Даже если нотация немного громоздка из-за синтаксиса шаблона, реализацию легко понять: мы применяем функтор к накопленному значению (init) и текущему элементу (std::get<I>(t)) и вызываем accumulate_impl с увеличенным параметром рекурсии.

Последняя часть, которая отсутствует, - это условие остановки, которое необходимо обработать во время компиляции. Это цель std::enable_if_t в типе возвращаемого значения: если условие I < sizeof...(T) не выполняется, тип возвращаемого значения недействителен и эта перегрузка accumulate_impl не может быть создана. На этом этапе это не ошибка, компилятор будет пробовать другие перегрузки, пока не будет создана одна из них. Если все не удается, возникает ошибка компиляции. Этот принцип известен как ошибка замены не является ошибкой (SFINAE).

В нашем случае все в порядке, пока I меньше, чем количество элементов в кортеже, поэтому наше условие остановки:

namespace detail
{
    template <size_t I, class F, class R, class... T>
    inline std::enable_if_t<I == sizeof...(T), R>
    accumulate_impl(F&&, R init, const std::tuple<T...>&)
    {
        return init;
    }
}

Это просто возвращает накопленное значение. Теперь мы можем использовать эту функцию для вычисления размера объекта xfunction. Помните из предыдущего раздела, что мы создали кеш для фигуры? Давайте также воспользуемся этим, чтобы избежать ненужных вычислений:

template <class F, class... CT>
inline auto xfunction<F, CT...>::dimension() const -> size_type
{
    size_type dimension = m_cache_initialized ?
                          m_cached_shape.size() :
                          compute_dimension();
    return dimension;
}
// New method added in the private section of xfunction
template <class F, class... CT>
inline auto xfunction<F, CT...>::compute_dimension() const
    -> size_type
{
    auto func = [](size_type d, auto&& e)
                { return std::max(d, e.dimension()); };
    return accumulate(func, size_type 0, m_e);
}

Реализация compute_cached_shape

Как объяснялось в предыдущем разделе, идея состоит в том, чтобы инициализировать фигуру с максимально возможным интегральным значением и рекурсивно попросить операнды передать ей свои фигуры:

template <class F, class... CT>
inline void xfunction<F, CT...>::compute_cached_shape() const
{
    m_cached_shape = shape_type(dimension(),
                         std::numeric_limits<value_type>::max());
    m_trivial_broadcast = broadcast_shape(m_cached_shape);
    m_cache_initialize = true;
}

compute_cached_shape отвечает только за инициализацию элементов кеша, сама рекурсия выполняется в новом методе broadcast_shape:

template <clas F, class... CT>
template <class S>
inline bool xfunction<F, CT...>::broadcast_shape(S& shape) const
{
    auto func = [&shape](bool b, auto&& e)
                { return e.broadcast_shape(shape) && b; }
    return accumulate(func, true, m_e);
}

Обратите внимание, как мы повторно используем предыдущую функцию accumulate для вычисления результирующей формы: мы просматриваем все операнды, просим их передать свою форму и в результате накапливаем свойство «тривиальной трансляции». Поскольку нам нужны инкрементные вычисления, каждый операнд должен транслироваться в ранее вычисленную форму. Это причина захвата параметра формы в лямбде.

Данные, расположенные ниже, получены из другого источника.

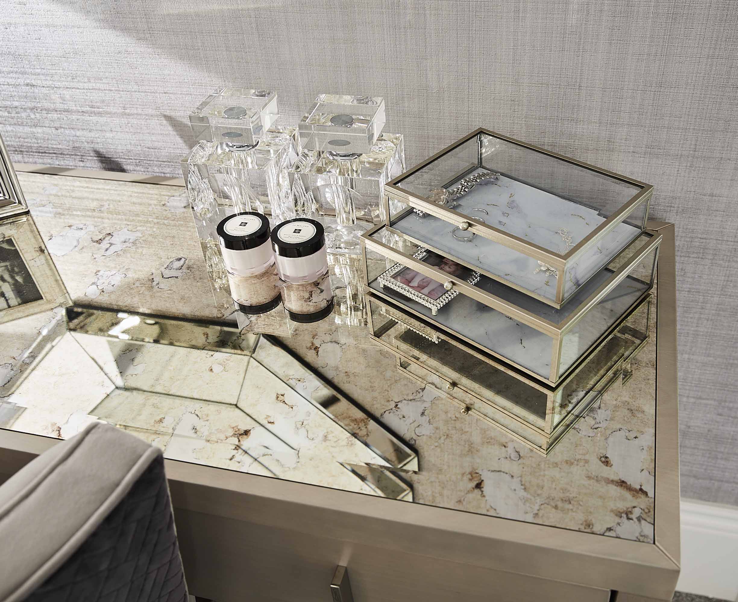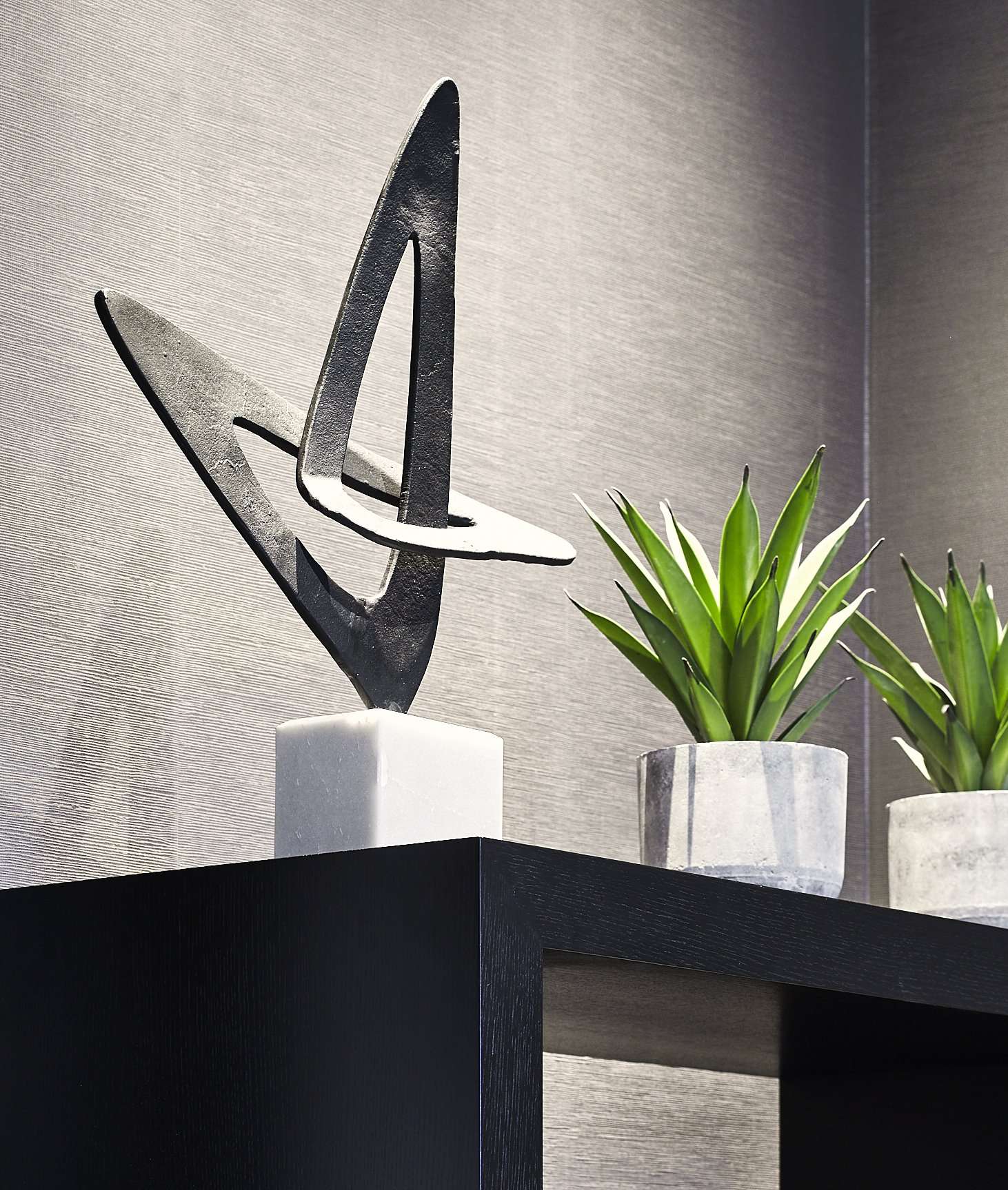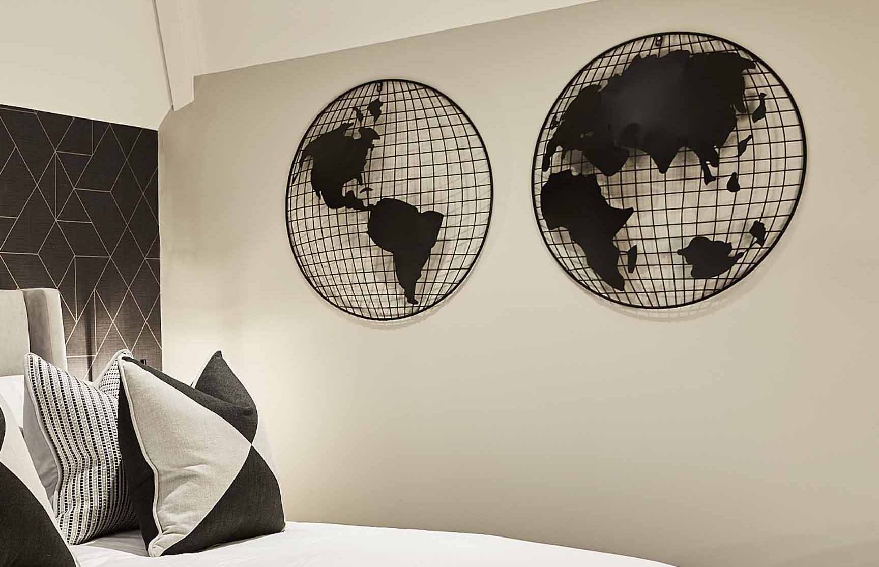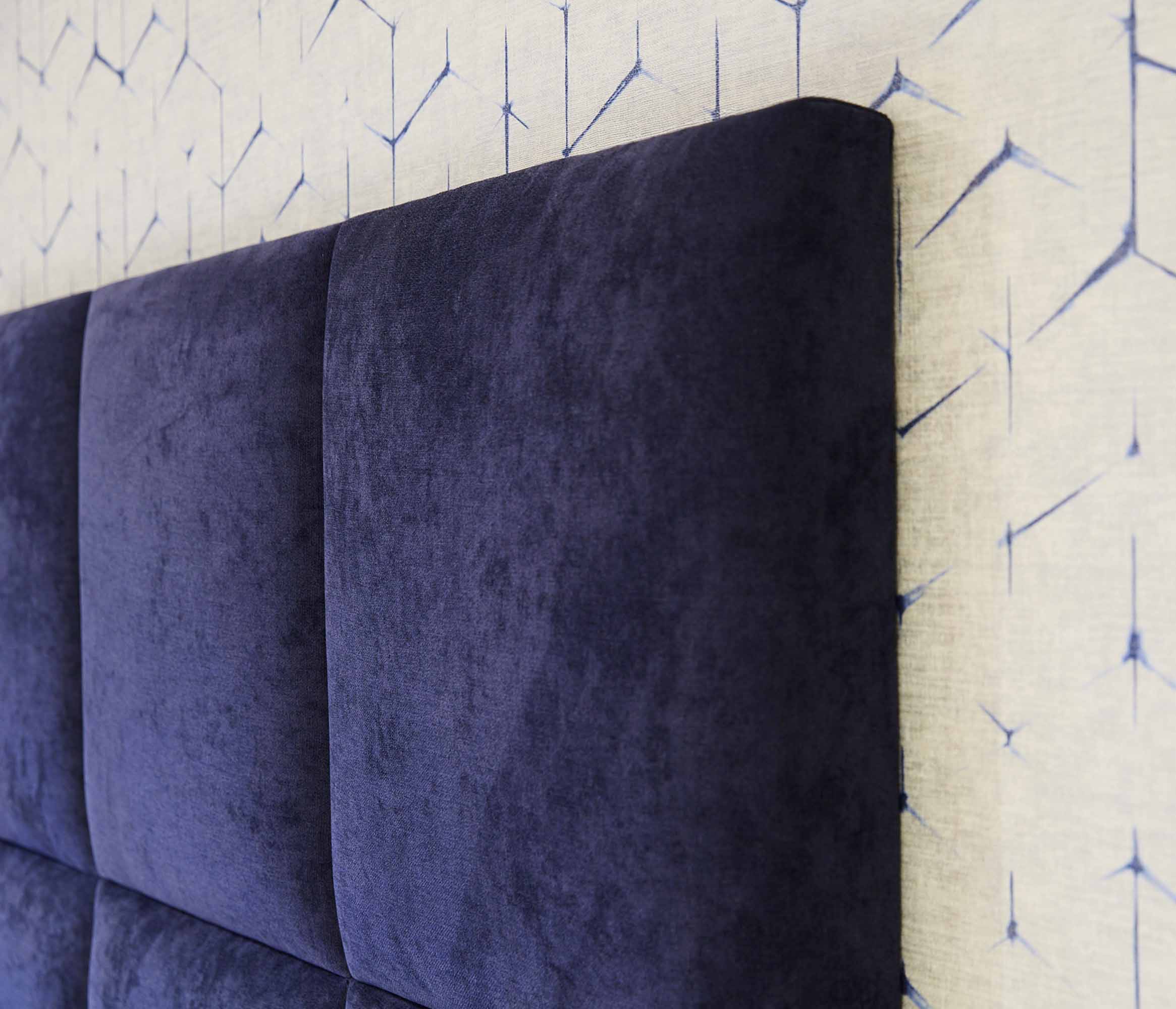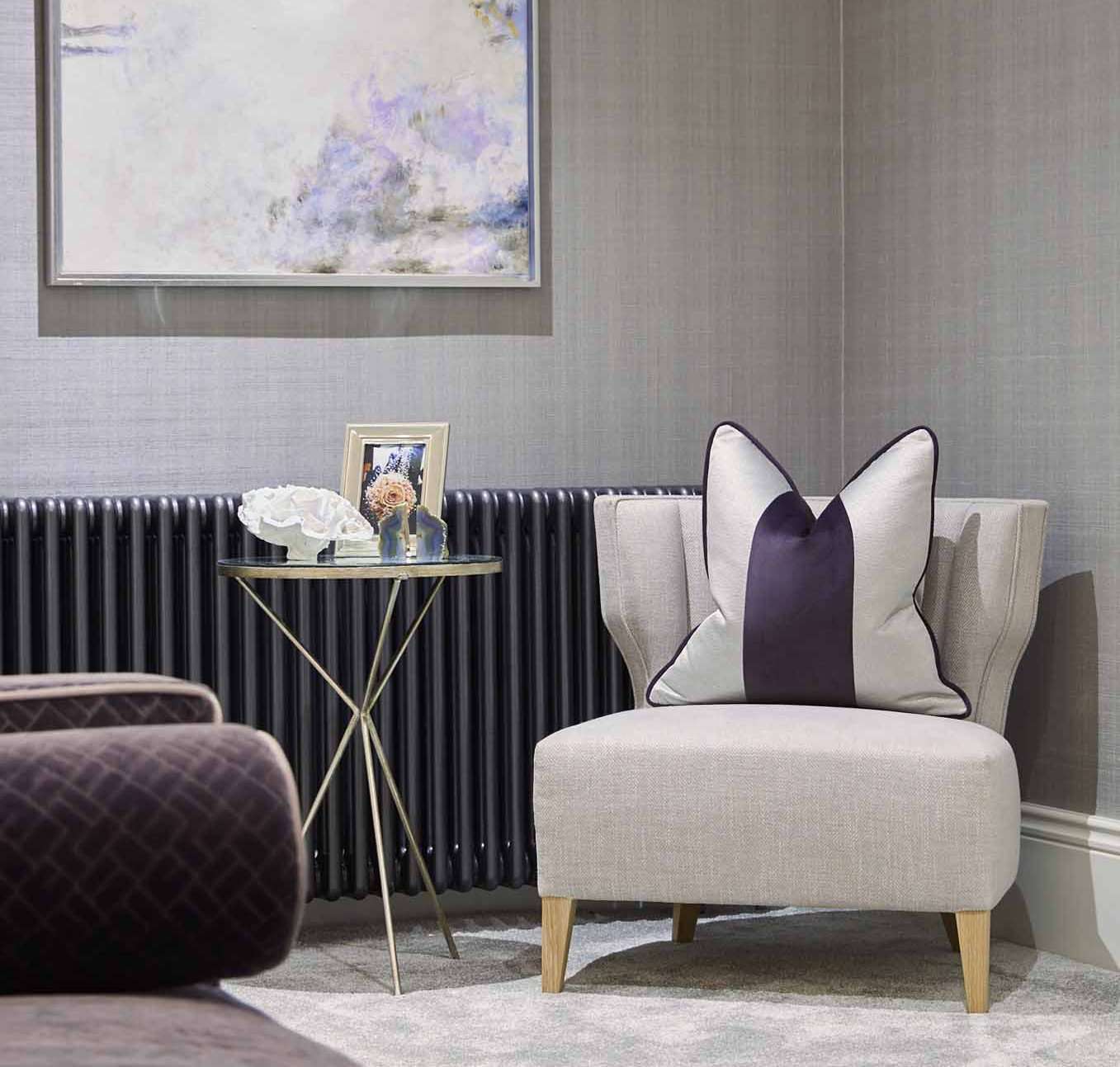The master bedroom is designed in calming neutral tones of silvery grey. The bespoke upholstered headboard in silver velvet is placed in a prominent position which naturally draws the eye yet does not dominate. There is a sense that every element in the room works in harmony to create an experience of overwhelming serenity. The scatter cushions and occasional chairs are laced with accents of mauve to add softness to the look.
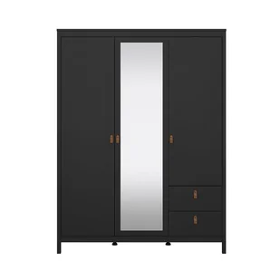 Szafa Madryt 199x150x59cm, 2 drzwi, 1 lustro, 2 szuflady w kolorze czarnym matowym. Szafa Madryt w matowym czarnym stylu łączy w sobie funkcjonalność i nowoczesny styl. Jest wyposażona w dwoje praktycznych drzwi, lustrzane drzwiczki, które ułatwiają szybkie przejrzenie stroju oraz dwie pojemne szuflady zapewniające dodatkowe miejsce do przechowywania. Szafka zapewnia dużo miejsca zarówno do przechowywania ubrań na drążku, jak i drobnych przedmiotów w szufladach. Dyskretne uchwyty i elegancki kolor sprawiają, że szafka jest ponadczasowym elementem pasującym do większości domowych wnętrz.

Также обратите внимание на реализацию лямбда: накопленный результат считывается после трансляции формы операнда. Это сделано для того, чтобы избежать логического сокращения, которое предотвратило бы вычисление, когда тривиальное свойство широковещания имеет значение false.

Последнее замечание касается того, что broadcast_shape является методом-шаблоном. Это потому, что в будущем у нас будут разные типы выражений с разными типами фигур. Следовательно, этот метод должен иметь возможность работать с произвольными типами, которые предоставляют API, аналогичный API std::vector.

Последним недостающим элементом в реализации широковещательной передачи является метод broadcast_shape в xarray.

Реализация broadcast_shape

Есть вероятность, что другим частям библиотеки потребуется транслировать фигуру в другую, поэтому мы должны предоставить для этого бесплатную функцию. Метод broadcast_shape функции xarray просто перенаправляет вызов этой бесплатной функции:

template <class T, layout_type L, class A>
template <class S>
inline bool xarray<T, L, A>::broadcast_shape(S& shape) const
{
    return broadcast_shape(this->shape(), shape);
}

Опять же, дополнительный параметр шаблона S позволяет принимать любой тип формы.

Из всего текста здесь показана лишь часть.